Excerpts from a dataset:
---
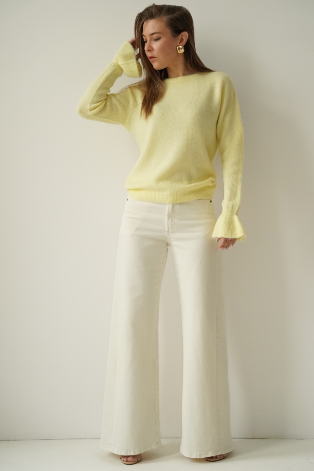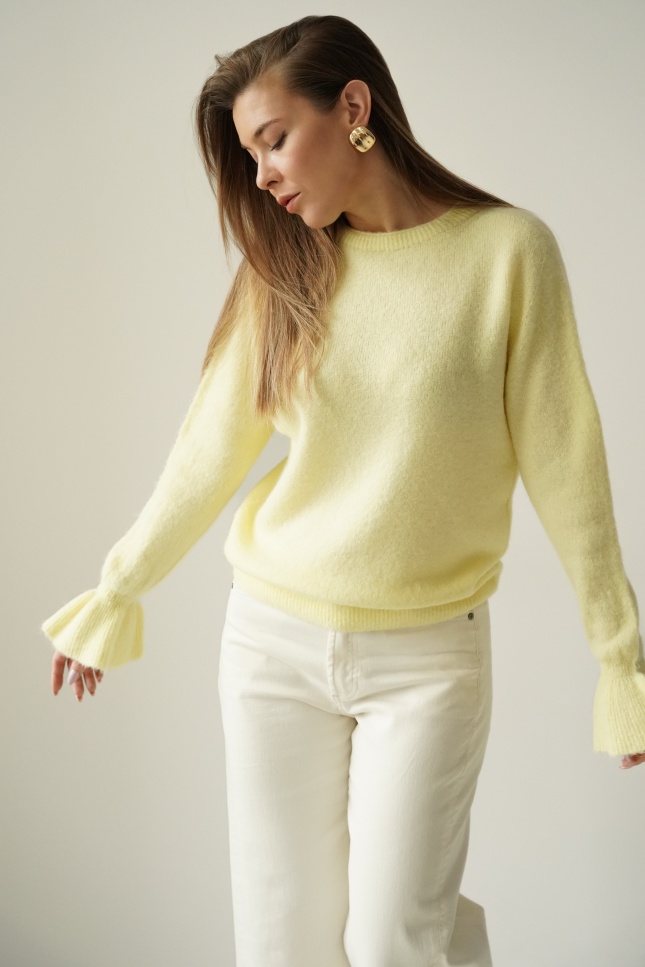 Sweater with frills, baby alpaca and virgin wool Elia pastel yellow
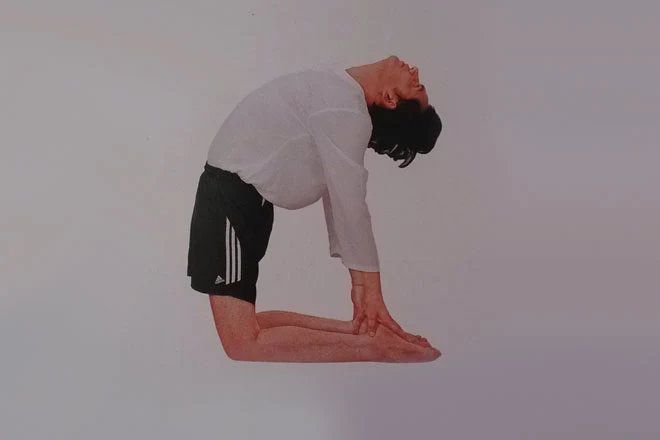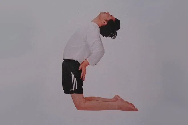 2、手掌放於臀部,脊柱後彎,雙肩向後然轉,胸部打開,頸部後仰,保持正常地呼吸。
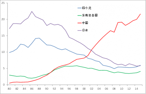 中国、日本、四小龙、东南亚各国对美出口份额的变化
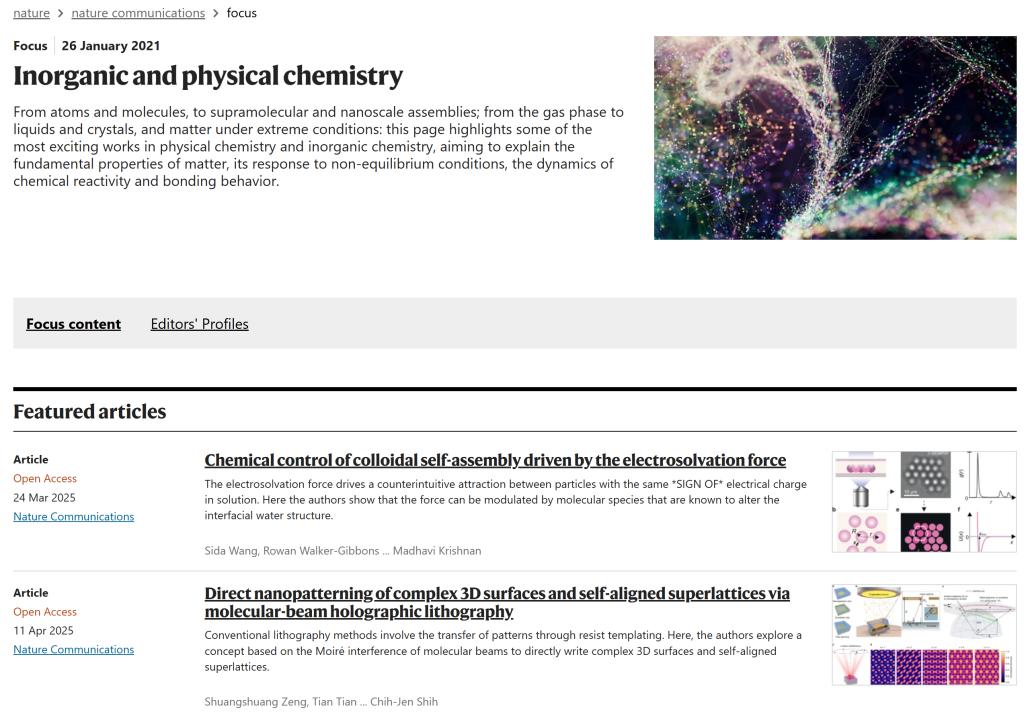williamhill中文曾双双教授团队联合加拿大阿尔伯塔大学Tian Tian教授、瑞士苏黎世联邦理工学院Chih-Jen Shih教授团队,合作开发了一种适用于多种材料的纳米图案化新方法。该研究成果于2025411日发表在《自然-通讯》(Nature Communications,题为《利用分子束全息光刻技术实现复杂三维表面的直接纳米图案化与自对准超晶格结构的构建》(Direct nanopatterning of complex 3D surfaces and self-aligned superlattices via molecular-beam holographic lithography),并入选编辑推荐亮点论文Editors' Highlights:https://www.nature.com/collections/wtpqpqpgwd),williamhill中文为论文第一完成单位。
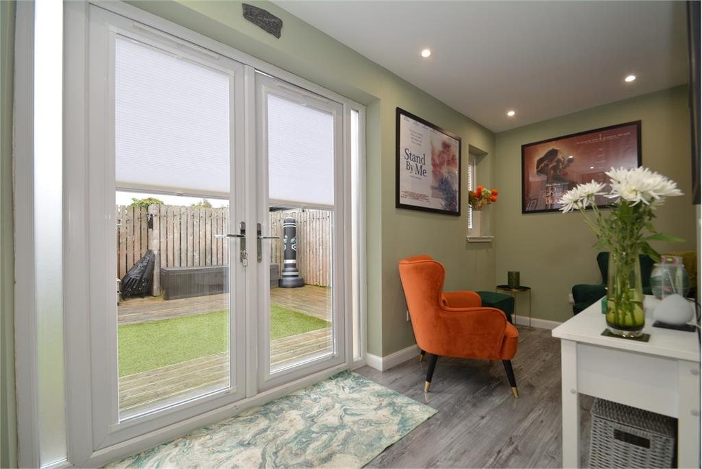 Extensively improved with a stylish interior, this impressive SEMI VILLA has been imaginatively extended and offers excellent family accommodation. Centrally situated within this sought after high amenity district, the property is nearby Pikeman Nursery, Knightswood Primary and High School, Knightswood park and golf course, Scotstoun sports and leisure centre and excellent local shopping and public transport enjoying an easy commute to the West End, City Centre and Clydebank etc. Attractively decorated throughout the accommodation comprises: Double glazed and PVC front door onto reception hall, fabulous 22' x 13 lounge/dining room, professionally designed and fully fitted 18' family sized dining kitchen with French doors onto enclosed low maintenance rear garden with deck. The kitchen preparation area comprises extensive floor and wall mounted contemporary polished veneer units with complimentary wood veneer work tops and splash back, integrated: oven, hob, hood, washing machine and wine cooler, cloakroom/toilet comprising two piece suite. First floor: main bedroom to rear with fitted wardrobes, two further bedrooms, modern fitted bathroom comprising three piece suite with shower above bath, oval wash hand basin and WC built into vanity unit, ceramic tiling full height around walls. There is in addition a floored and lined attic with velux roof light to rear. The specification includes gas central heating and PVC double glazing. The property is set amidst easily maintained gardens to both front and rear. Internal inspection of this most unique family home. • Extended Semi Villa • 22' lounge/dining • 18' dining kitchen • 3 bedrooms • Floored and lined attic • Gas central heating/double glazing
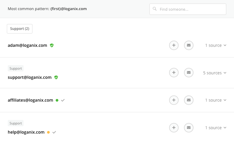 En el caso de un sitio web más grande con varias direcciones de correo electrónico, es mejor enviar su correo electrónico a una persona que se encargue de ese aspecto del negocio. Hunter categorizará las direcciones de correo electrónico según los títulos de trabajo del personal.
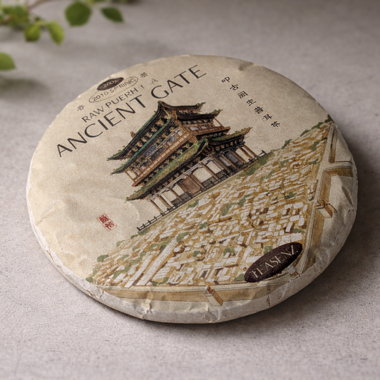 2010 Ancient Gate Yiwu Oud Gerijpte Rauwe Pu Erh Theekoek 200g
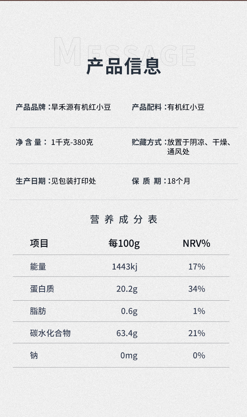 旱禾源敖汉有机红小豆粗粮杂粮 380g/1000g
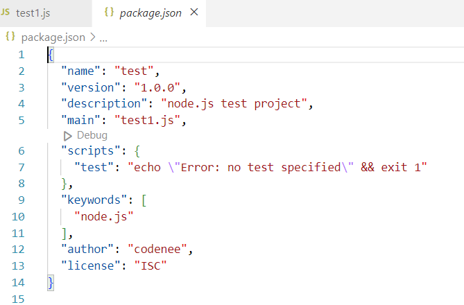 기본값은 ISC에서 허용한 free software licensenpm init 과정이 완료되면, package.json파일이 생성됩니다.
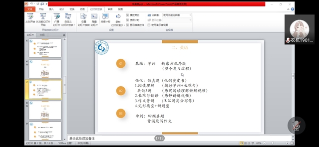 随即,汤文谈通过个人简介、考研各阶段安排、考研心得三个部分分享自己考研优势以及备研过程中遇到的问题、解决方法。她强调:真题是最好的复习资料。考研是对自己所学知识的考验,复习过程中要多做真题,了解题目特点,结合知识归纳,这样才能在考试过程中胸有成竹。
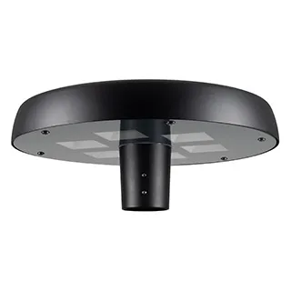 Венчающий светодиодный светильник. Мощность 50 Вт, св. поток 5680 лм, 112 лм/Вт, тёплый 3000 K, CRI>80, угол 140°, напряжение питания 230 В. Черный корпус из алюминия, экран закаленное стекло, степень защиты IP65. Размер: диаметр 510 мм, высота 200 мм. Монтаж на вертикальную опору диаметром 76 мкакой материал м.
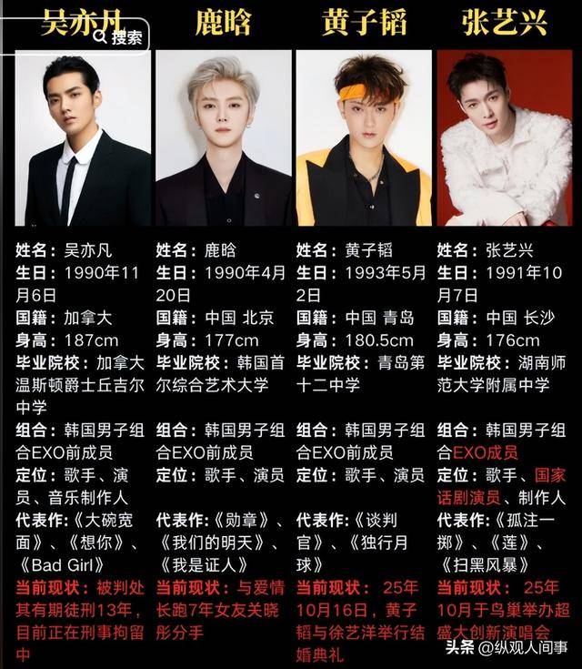 其中一位成员彻底塌房沦为劣迹艺人,鹿晗因公开恋情人气下滑,黄子韬则因各种言行争议口碑起伏。
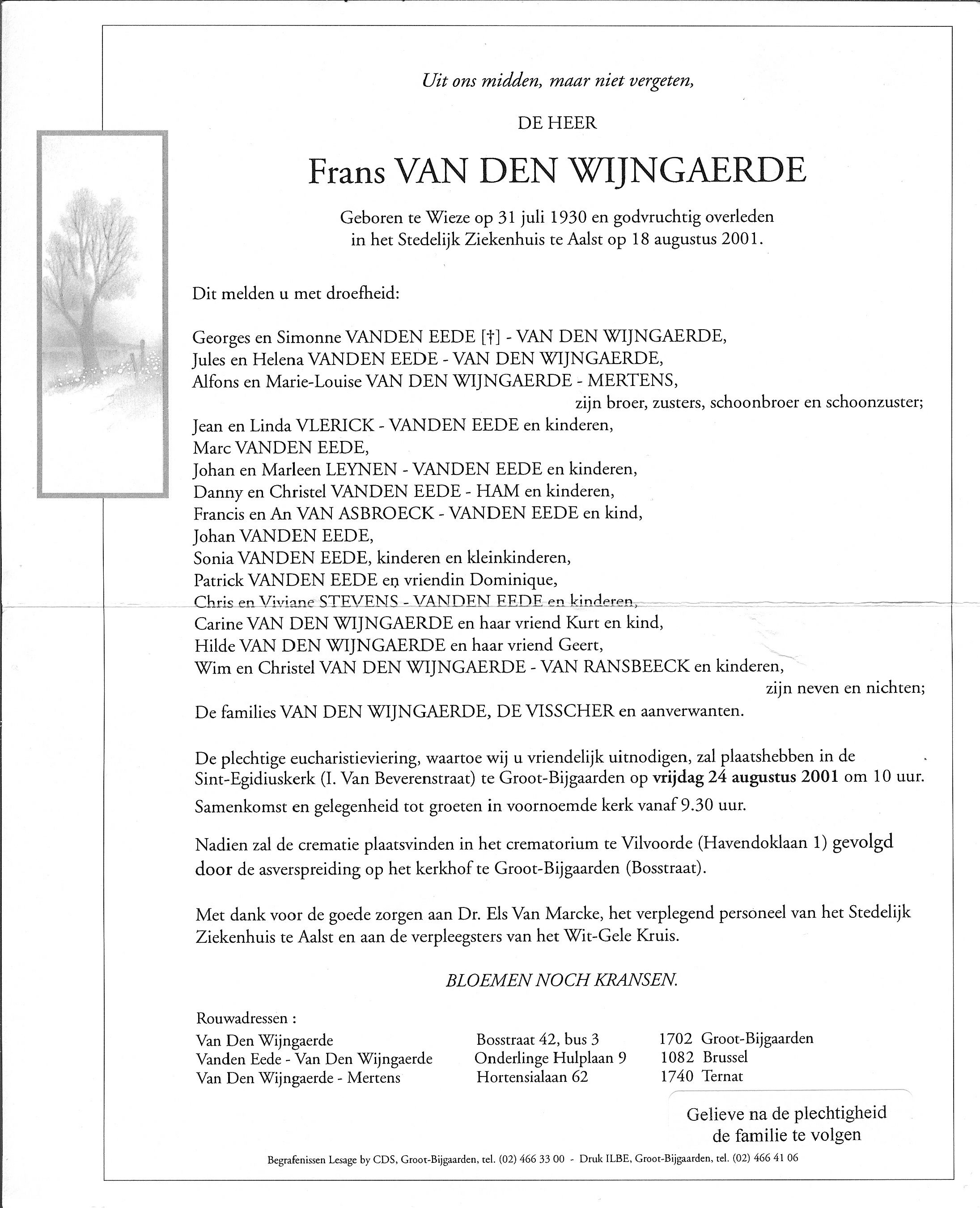 Frans Van Den Wijngaerde Geboren: 31 juli 1930 24 23 — Wieze Overleden: 18 augustus 2001 — Aalst |
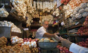 | A vendor8 exchanges money with a customer at a shop selling garlic, onions and potatoes at a wholesale9 market in Mumbai, April 28, 2011. |
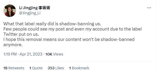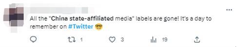 有網(wǎng)友稱(chēng),“所有‘中國(guó)官方媒體’的標(biāo)簽都消失了!這是推特上值得紀(jì)念的一天?!?/p>
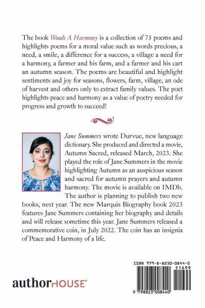 The book Woods A Harmony is a collection of 75 poems and highlights poems for a moral value such as words precious, a need, a smile, a difference for a success, a village a need for a harmony, a farmer and his farm, and a farmer and his cart an autumn season. The poems are beautiful and highlight sentiments and joy for seasons, flowers, farm, village, an ode of harvest and others only to extract family values. The poet highlights peace and harmony as a value of poetry needed for progress and growth to succeed!
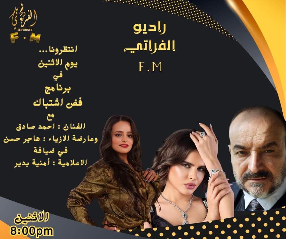 استضافت الإعلامية أمنية بدير كلا من الفنان أحمد صادق وعارضة الأزياء هاجر حسن في برنامجها الإذاعي الجديد ” فض اشتباك ” والذي يتم إذاعته علي راديو الفراتي FM الاثنين من كل أسبوع في تمام الساعة الثامنة مساءا..
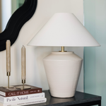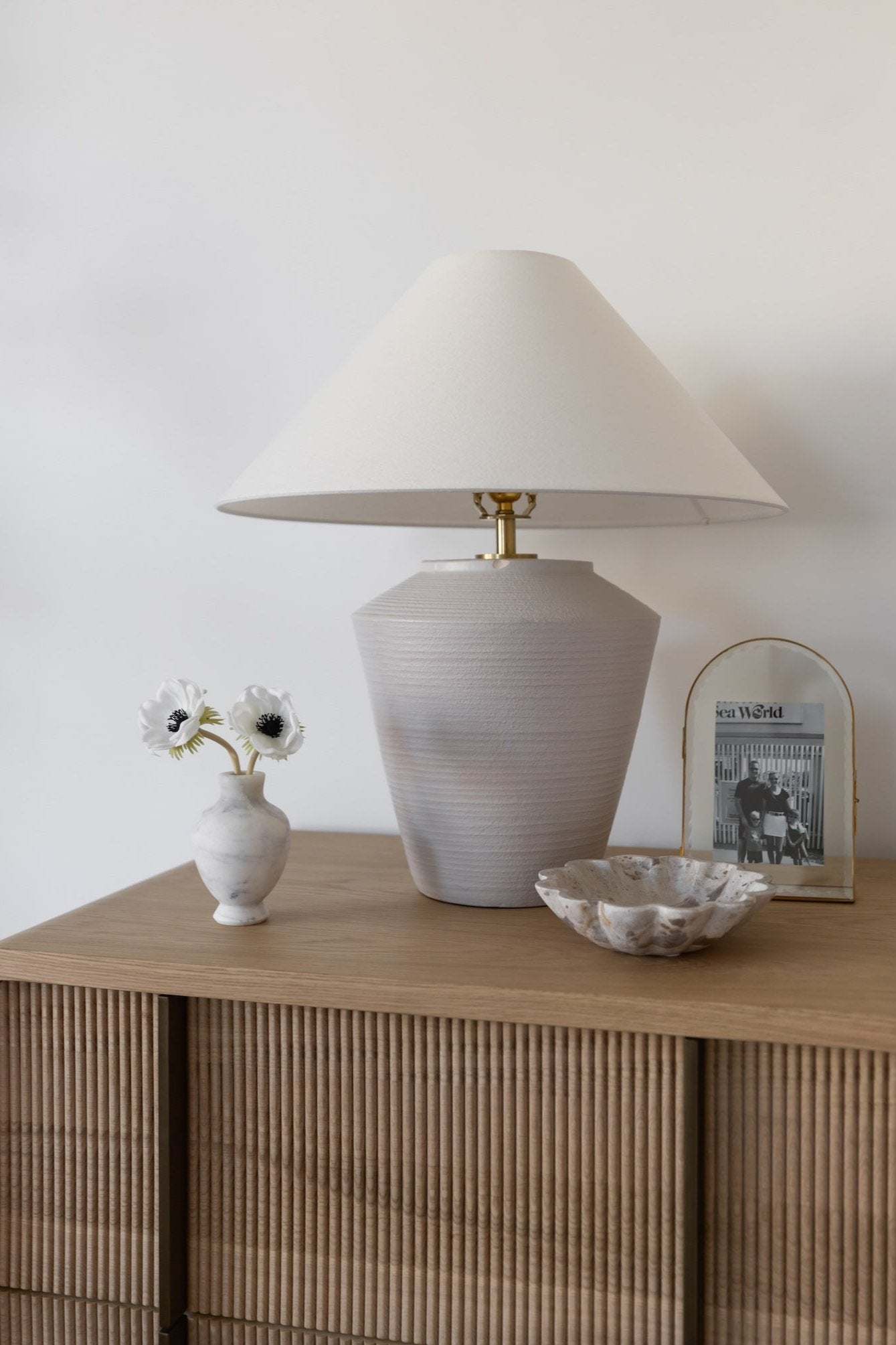 Meet the Rachie Table Lamp. Inspired by hand troweled plaster and a traditional empire shaped shade, Rachie is a staple table lamp that lends itself to any space! It was designed to add texture where it may not always be possible! Bulb(s) not included.
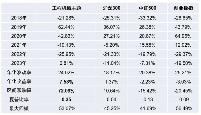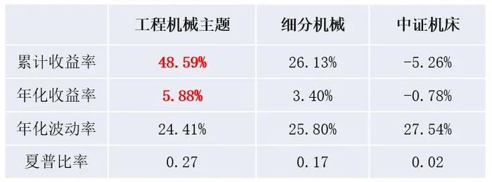 中证工程机械主题指数年化波动率为24.02%,最大回撤为53.07%。
---
PROMPT: Reproduce the data verbatim. Do not carry any picture into the copy.

FINISHED TASK:
 Sweater with frills, baby alpaca and virgin wool Elia pastel yellow
 2、手掌放於臀部,脊柱後彎,雙肩向後然轉,胸部打開,頸部後仰,保持正常地呼吸。
 中国、日本、四小龙、东南亚各国对美出口份额的变化
williamhill中文曾双双教授团队联合加拿大阿尔伯塔大学Tian Tian教授、瑞士苏黎世联邦理工学院Chih-Jen Shih教授团队,合作开发了一种适用于多种材料的纳米图案化新方法。该研究成果于2025411日发表在《自然-通讯》(Nature Communications,题为《利用分子束全息光刻技术实现复杂三维表面的直接纳米图案化与自对准超晶格结构的构建》(Direct nanopatterning of complex 3D surfaces and self-aligned superlattices via molecular-beam holographic lithography),并入选编辑推荐亮点论文Editors' Highlights:https://www.nature.com/collections/wtpqpqpgwd),williamhill中文为论文第一完成单位。
 Extensively improved with a stylish interior, this impressive SEMI VILLA has been imaginatively extended and offers excellent family accommodation. Centrally situated within this sought after high amenity district, the property is nearby Pikeman Nursery, Knightswood Primary and High School, Knightswood park and golf course, Scotstoun sports and leisure centre and excellent local shopping and public transport enjoying an easy commute to the West End, City Centre and Clydebank etc. Attractively decorated throughout the accommodation comprises: Double glazed and PVC front door onto reception hall, fabulous 22' x 13 lounge/dining room, professionally designed and fully fitted 18' family sized dining kitchen with French doors onto enclosed low maintenance rear garden with deck. The kitchen preparation area comprises extensive floor and wall mounted contemporary polished veneer units with complimentary wood veneer work tops and splash back, integrated: oven, hob, hood, washing machine and wine cooler, cloakroom/toilet comprising two piece suite. First floor: main bedroom to rear with fitted wardrobes, two further bedrooms, modern fitted bathroom comprising three piece suite with shower above bath, oval wash hand basin and WC built into vanity unit, ceramic tiling full height around walls. There is in addition a floored and lined attic with velux roof light to rear. The specification includes gas central heating and PVC double glazing. The property is set amidst easily maintained gardens to both front and rear. Internal inspection of this most unique family home. • Extended Semi Villa • 22' lounge/dining • 18' dining kitchen • 3 bedrooms • Floored and lined attic • Gas central heating/double glazing
 En el caso de un sitio web más grande con varias direcciones de correo electrónico, es mejor enviar su correo electrónico a una persona que se encargue de ese aspecto del negocio. Hunter categorizará las direcciones de correo electrónico según los títulos de trabajo del personal.
 2010 Ancient Gate Yiwu Oud Gerijpte Rauwe Pu Erh Theekoek 200g
 旱禾源敖汉有机红小豆粗粮杂粮 380g/1000g
 기본값은 ISC에서 허용한 free software licensenpm init 과정이 완료되면, package.json파일이 생성됩니다.
 随即,汤文谈通过个人简介、考研各阶段安排、考研心得三个部分分享自己考研优势以及备研过程中遇到的问题、解决方法。她强调:真题是最好的复习资料。考研是对自己所学知识的考验,复习过程中要多做真题,了解题目特点,结合知识归纳,这样才能在考试过程中胸有成竹。
 Венчающий светодиодный светильник. Мощность 50 Вт, св. поток 5680 лм, 112 лм/Вт, тёплый 3000 K, CRI>80, угол 140°, напряжение питания 230 В. Черный корпус из алюминия, экран закаленное стекло, степень защиты IP65. Размер: диаметр 510 мм, высота 200 мм. Монтаж на вертикальную опору диаметром 76 мкакой материал м.
 其中一位成员彻底塌房沦为劣迹艺人,鹿晗因公开恋情人气下滑,黄子韬则因各种言行争议口碑起伏。
 Frans Van Den Wijngaerde Geboren: 31 juli 1930 24 23 — Wieze Overleden: 18 augustus 2001 — Aalst |
 | A vendor8 exchanges money with a customer at a shop selling garlic, onions and potatoes at a wholesale9 market in Mumbai, April 28, 2011. |
 有網(wǎng)友稱(chēng),“所有‘中國(guó)官方媒體’的標(biāo)簽都消失了!這是推特上值得紀(jì)念的一天?!?/p>
 The book Woods A Harmony is a collection of 75 poems and highlights poems for a moral value such as words precious, a need, a smile, a difference for a success, a village a need for a harmony, a farmer and his farm, and a farmer and his cart an autumn season. The poems are beautiful and highlight sentiments and joy for seasons, flowers, farm, village, an ode of harvest and others only to extract family values. The poet highlights peace and harmony as a value of poetry needed for progress and growth to succeed!
 استضافت الإعلامية أمنية بدير كلا من الفنان أحمد صادق وعارضة الأزياء هاجر حسن في برنامجها الإذاعي الجديد ” فض اشتباك ” والذي يتم إذاعته علي راديو الفراتي FM الاثنين من كل أسبوع في تمام الساعة الثامنة مساءا..
 Meet the Rachie Table Lamp. Inspired by hand troweled plaster and a traditional empire shaped shade, Rachie is a staple table lamp that lends itself to any space! It was designed to add texture where it may not always be possible! Bulb(s) not included.
 中证工程机械主题指数年化波动率为24.02%,最大回撤为53.07%。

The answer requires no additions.